Why it matters: In a victory for employers, the 6th U.S. Circuit Court of Appeals held that an arbitration clause survived the termination of an underlying agreement even though the clause was not specifically included in the agreement’s survival clause. Several other paragraphs were listed in the survival clause, the employee told the court, implying that the arbitration clause was specifically excluded. But the unanimous three-judge panel disagreed, noting that other sections of the agreement that were not mentioned in the survival clause had a life after the contract. Therefore, the court said, the plaintiff failed to prove that the arbitration clause was meant to expire. While the employer eked out a win before the 6th Circuit, employers may want to play it safe and explicitly include an arbitration provision in the survival clause, avoiding the issue altogether.
Cynthia Huffman was hired by The Hilltop Companies to review mortgage loan files to ensure that lawful procedures were followed during foreclosures and other proceedings. Huffman’s employment relationship was governed by a Professional Services Contract Agreement, which stated that she was an independent contractor.
When her employment ended, Huffman sued Hilltop alleging violations of the Fair Labor Standards Act and Ohio state law, contending that she was wrongly classified as an independent contractor and was entitled to overtime.
Hilltop sought to compel arbitration in the case pursuant to the contract.
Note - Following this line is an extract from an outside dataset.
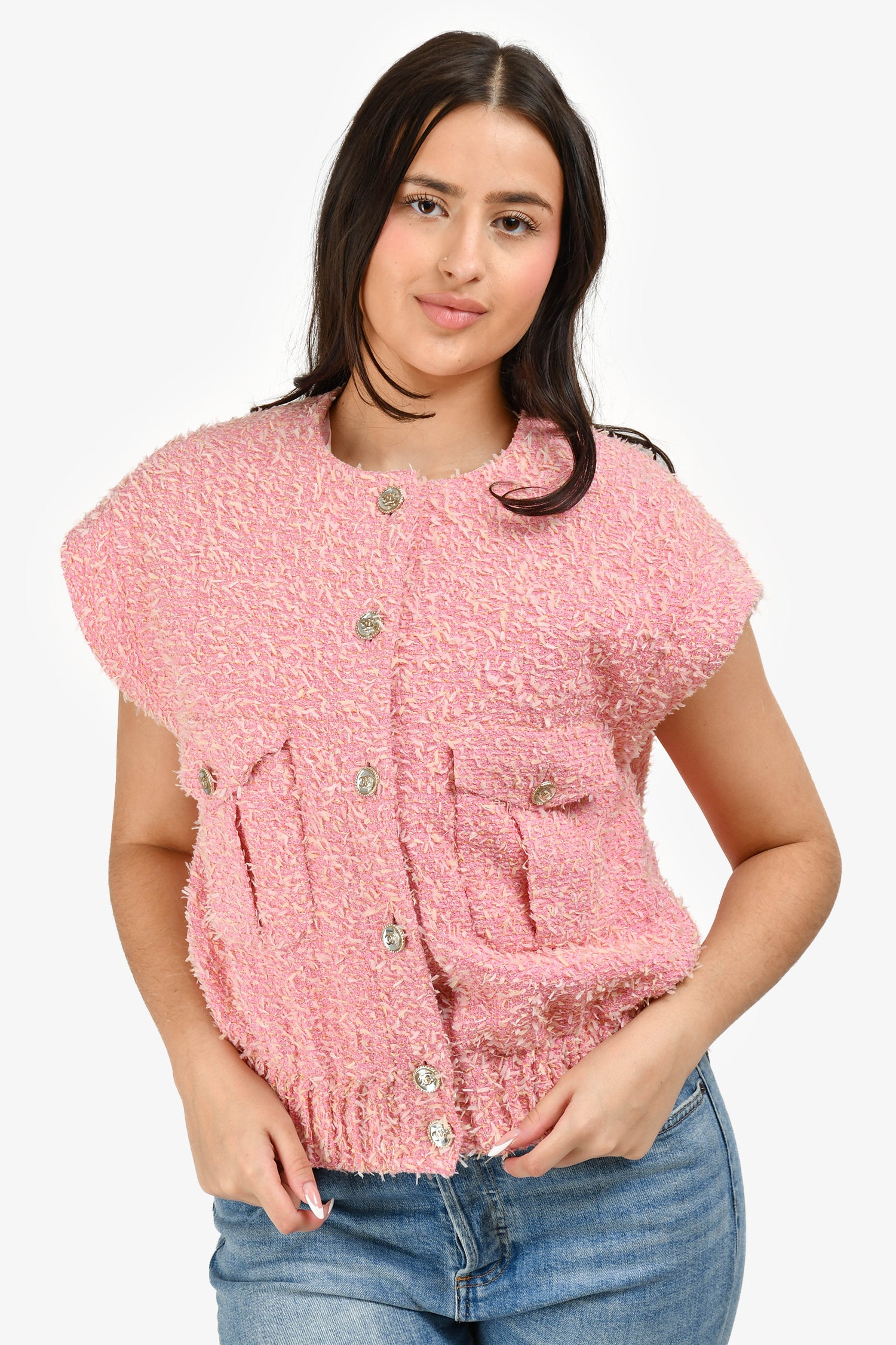 Refresh availabilityPre-Loved Chanel™ Short Sleeve Runway 2021 Pink Fantasy Tweed Vest. Front button down closure. Two front flap pockets with button closure. Silver-tone hardware. Elasticized hem. Fully lined. Tonal stitching.

The agreement contained 24 clauses, including an arbitration clause and a survival clause. The survival clause delineated 12 paragraphs that would survive termination of the agreement – such as client confidentiality and compensation – but did not list the arbitration clause.
A federal district court agreed with Huffman that the exclusion of the arbitration clause from the survival clause meant it had no post-expiration effect.
But on appeal, the 6th Circuit reversed in the employer’s favor.
Noting that it was the first federal appellate court to consider the issue, the panel emphasized the “strong federal policy in favor of arbitration” and rejected two arguments from Huffman.
First, the court said the agreement did not have to be construed in favor of Huffman because Hilltop drafted it. Even if the court found ambiguity in the contract, “the strong presumption in favor of arbitration applies instead,” the panel wrote. “Therefore, all doubts are resolved in favor of arbitration, and the plaintiffs must present ‘the most forceful evidence of a purpose to exclude the claim from arbitration [in order to] prevail.’”
The omission of the arbitration clause from the survival clause was not a clear implication that the paragraph was not meant to have post-expiration effect, the court then determined. Other clauses that were not included in the survival clause remained in effect after the contract’s expiration, the panel said, such as the non-compete provision and the severability clause.
“We believe that considering the contract as a whole – the survival clause and its relationship to the other clauses in the agreement – is the correct way to determine whether the parties unambiguously intended for the arbitration clause to expire with the contract,” the court said. “We observe that the parties did not clearly intend for the survival clause to serve as an exhaustive list of the provisions that would survive expiration of the agreement. Indeed, the non-compete clause remains in effect for twelve months after expiration, yet it is not listed in the survival clause.”
Further, “neither the agreement’s severability clause nor its integration clause is listed in the survival clause,” the court added. “However, it is illogical to conclude that upon expiration of the contract, the parties no longer intended the agreement to be severable. It is similarly illogical to conclude that the parties intended the ban on extrinsic evidence to be in effect only prior to the agreement’s expiration. The difficulty in the plaintiff’s position is that it is just as plausible that the parties also intended the arbitration clause to survive.”
The panel noted that a different outcome could be possible if the evidence established a “clear implication” – say, 23 of the 24 clauses were all listed in the survival clause, leaving arbitration as the sole exclusion – but such facts were not present.
“The omission of the arbitration clause from the survival clause in this case did not clearly imply that the parties did not intend for the arbitration clause to have post-termination effect,” the court concluded.